Como es de común conocimiento, la interpretación que, a lo largo de los años, se ha venido haciendo de los supuestos de despenalización ha sido bastante extensiva, de modo que se ha generado una conciencia colectiva sobre la posibilidad efectiva de abortar libremente, aunque la interrupción no sea posible realizarla, por lo general, en el sistema sanitario público (por lo tanto con la necesidad de sufragar el coste de la operación en centros privados) y además desde el punto de vista formal haya que seguir invocando supuestos como –el más habitual- el peligro para la salud psíquica de la mujer embarazada. Esta realidad, unida a otras muchas circunstancias sociales, empezando por las importantes insuficiencias en materia de educación sexual (que el Proyecto de Ley también pretende contribuir a resolver), explican en parte el fuerte incremento de las interrupciones voluntarias del embarazo practicadas en España, ya que según los datos estadísticos del Ministerio de Sanidad y Políticas Sociales, en 2007 se alcanzó la cifra de 112.138 abortos frente a los 53.847 de 1998, casi duplicándose la tasa de interrupciones practicadas (de 6 por cada 1.000 mujeres en 1998 a 11,49 en 2007), de las cuáles el 97% se produjeron en centros privados. En Asturias, la tasa es inferior a la media (7,72 abortos por cada 1.000 mujeres en 2007) y se mantiene relativamente estable en los últimos años; por cierto, algo tendrá que ver en estos datos de nuestra Comunidad el continuado esfuerzo desplegado en materia de educación sexual en el ámbito educativo, juvenil y en las políticas de salud pública.

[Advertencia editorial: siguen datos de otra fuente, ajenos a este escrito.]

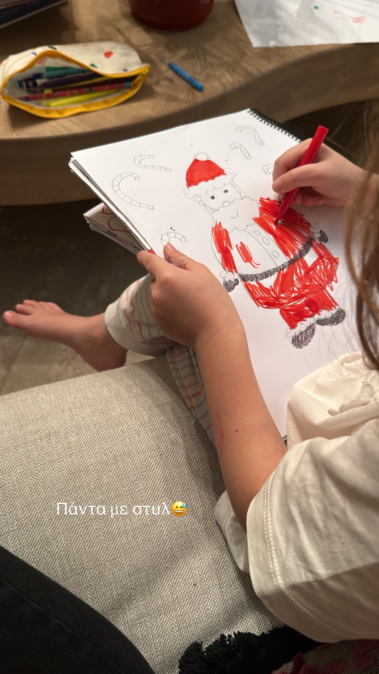 Σε ένα από τα στιγμιότυπα που ανήρτησε η Αθηνά Οικονομάκου, βλέπουμε ότι η κορυφή του δέντρου δεν έχει στολιστεί ακόμα και όπως έγραψε περιμένουν τον σύντροφό της για να διακοσμήσει και το υπόλοιπο δέντρο.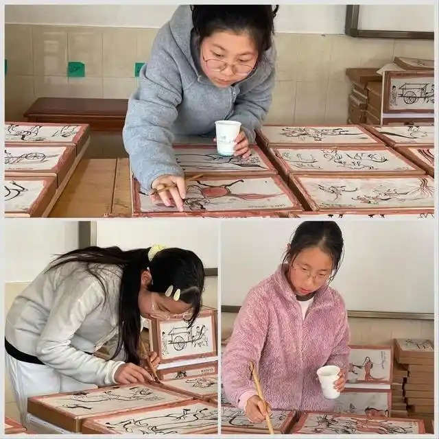 创作中,孩子们不拘泥于古法复刻,在保留魏晋画像砖质朴典雅底色的同时,融入杭州地域文化温润气息。一砖一马一风骨,或扬蹄奔腾尽显豪迈,或缓步徐行暗藏灵动,交领宽袖的牧马少年眉眼间尽是魏晋士人特有的洒脱。
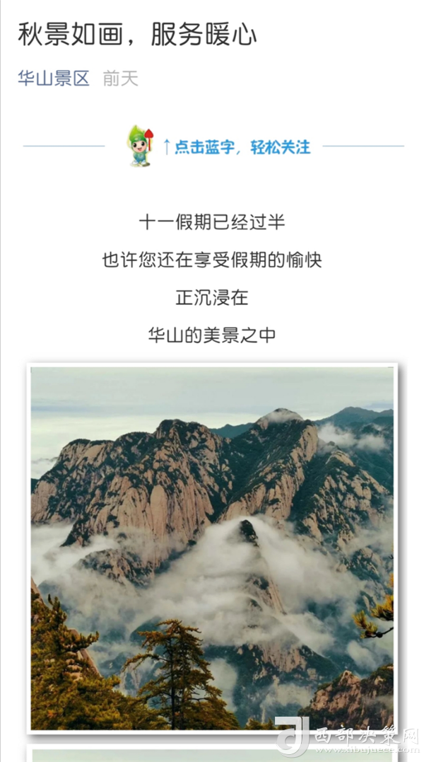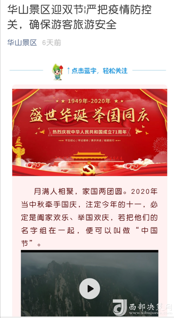 9月30日至10月8日期間,景區(qū)官方微信以歡度雙節(jié)、防疫安全、熱心服務(wù)、旅游攻略等為主題發(fā)布宣傳軟文23篇,累計閱讀量4.2萬人次,分享及轉(zhuǎn)發(fā)量共計1430次;官方微博向游客及時發(fā)布景區(qū)天氣、客流、景色實況、溫馨提示等景區(qū)度節(jié)綜合信息共計102條,閱讀量高達(dá)101.9萬次,并耐心、細(xì)致解答網(wǎng)友私信、評論共計532條;通過抖音平臺發(fā)布景區(qū)公告、秋日美景、好人好事等短視頻及圖片錦集共計18條,播放量共計 1.4萬次。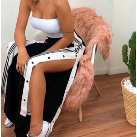 Calça pantalona fenda clearance listra botões laterais, Cal a Pantalona Feminina Aberta Fenda Listra com Bot es Laterais clearance
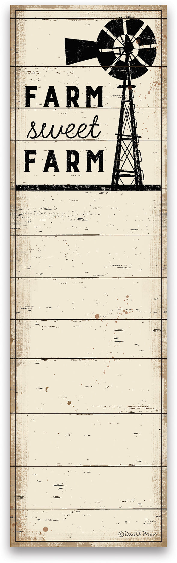 A magnetic paper list notepad lending a distressed "Farm Sweet Farm" sentiment with mill design and slatted wood background print. Includes 60 pages. Made in USA.

Es razonable afirmar que la realidad social ha superado claramente la regulación hasta ahora vigente, pero este desajuste provoca aún situaciones de inseguridad jurídica para mujeres que han decidido la interrupción del embarazo, y para los profesionales sanitarios que participan en la operación. La reforma legal en curso, en consecuencia, supone corregir una disfunción en nuestro ordenamiento jurídico, adecuándolo a la realidad social mayoritariamente aceptada, permitiendo un tratamiento no exclusivamente penal de la interrupción voluntaria del embarazo, y confiando a las mujeres la capacidad de decidir sobre su propio embarazo. Al mismo tiempo, se encara una realidad -que es y será necesariamente conflictiva en el debate ético- superando la hipocresía dominante en la aplicación de la actual regulación.